Early SW Bell Building Housed Tech Advances

GOTHIC ENTRANCE: The 424 S. Detroit Ave. entrance featured the Gothic style of the time.
Sometimes buildings reflect growth and change in technology. So it is with the Southwestern Bell Main Dial Building at 424 S. Detroit Ave., the southeast corner of 5th Street and Detroit Avenue.
The original building was a modest two stories and was built in 1924 in the conservative mainstream Gothic style of the time. The growth in telephone communication was rapid. Tulsa was a small cattle town in 1898 when telephone service there first began. By 1930, Tulsa’s population was 141,000 and dial telephones were becoming common. Telephone company officials decided to add four additional floors that year and the currently popular zig zag Art Deco style was utilized.
Although the first two floors held telephone equipment, the upper floors accommodated division offices and toll terminal equipment for the Oklahoma City – Tulsa underground cable. The building was heavily used until the South Cincinnati facility was built in the early 1950’s and expanded in the 1970’s. Eventually the Southwestern Bell Main Dial building became almost a warehouse for telephone equipment. In 1984 the SW Bell Dial Building was listed on the National Register. Recently the building was purchased by First Baptist Church which owns buildings directly adjacent to the north.
It is interesting that the two architectural styles used on the façade do not appear to clash. Perhaps this is because the same materials were used on all six floors (North West Terra Cotta Tile Co of Chicago provided all the Terra Cotta) or maybe time has tempered our perception of the exterior.

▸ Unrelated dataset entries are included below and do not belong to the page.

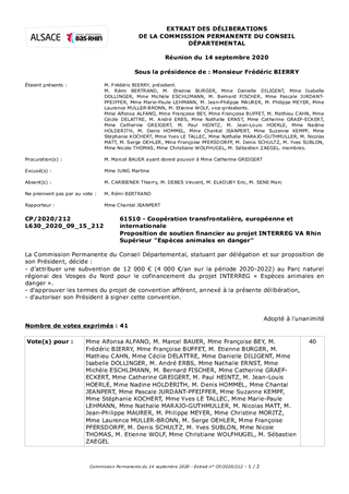 Le présent rapport propose à la Commission Permanente d'attribuer une subvention de 12 000 € au Parc naturel régional des Vosges du Nord (PNRVN) pour le cofinancement de son projet « Espèces animales en danger ». Ce projet transfrontalier, cofinancé à 50 % par des crédits européens FEDER dans le cadre du programme INTERREG Rhin Supérieur, vise à améliorer la protection sur le plan transfrontalier de trois espèces menacées : l’écrevisse des torrents, les azurés et les chauves-souris.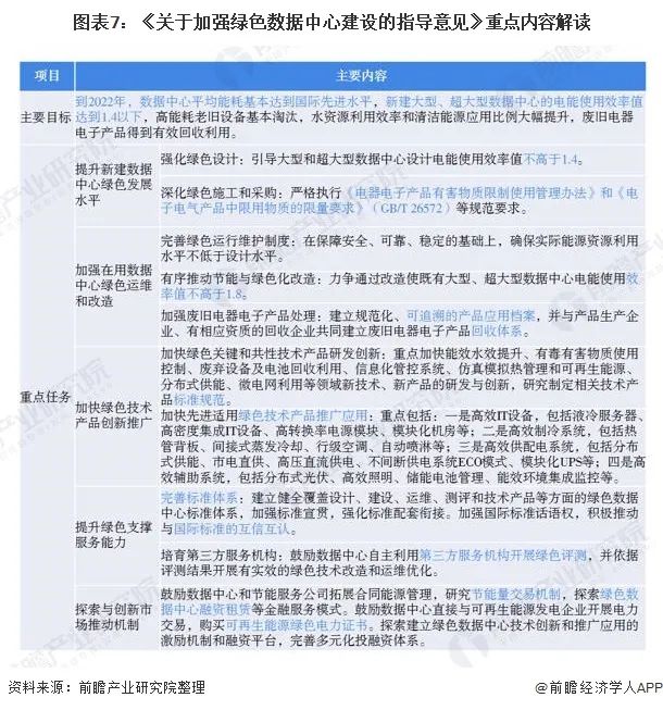 因此,国家近年来也出台相应的政策积极引导全国数据中心往绿色化、节能化方向发展。在最新发布的《关于加强绿色数据中心建设的指导意见》中提出了我国对建设数据中心能源消耗的规划,提出到2022年,数据中心平均能耗基本达到国际先进水平,新建大型、超大型数据中心的电能使用效率值达到1.4以下,高能耗老旧设备基本淘汰,水资源利用效率和清洁能源应用比例大幅提升,废旧电器电子产品得到有效回收利用。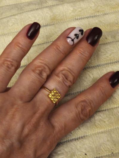 Кольцо тоненькое , но крепкое , камушки блестят и переливаются на солнце и при искусственном освещении . Кольцом довольна . Размер 18.5 .

The exterior skin of this building is a medium brown brick with cream-colored terra cotta embellishments. The first floor is treated as a piano noble (principal floor) with Tudor arches framed in terra cotta seated on a light gray granite base. Narrow terra cotta quoins match the trim around the arches. The second-floor windows occur in pairs, one pair for each arch separated by brick panels. The panels are decorated with terra cotta torches below a terra cotta shield. The rectangular footprint accommodates four arches (one is an entrance) on Detroit and 8 arches on 5th street. Steel window frames for these two floors are painted a soft green.

TERRA COTTA STYLE: Above the sixth-floor windows, high terra cotta panels are heavily ornamental in an art deco design.
Above the second floor the façade is articulated with stair-stepped brick pilasters which create a strong sense of verticality. Spandrel panels between floors are terra cotta in an art deco design. Windows are narrower and spaced separately. Steel window frames are painted in a pale gray green color.
Above the sixth-floor windows, high terra cotta panels are heavily ornamental in an art deco design. The brick pilasters rise above this parapet and are capped with additional terra cotta trim.
A lacy white equipment towner originally rose three or four stories above this building from its center and has been removed.
The future use of the SW Bell Dial Building is in the hands of its new owner, First Baptist Church. The logical assumption is that the building will provide the church with needed classroom and meeting space.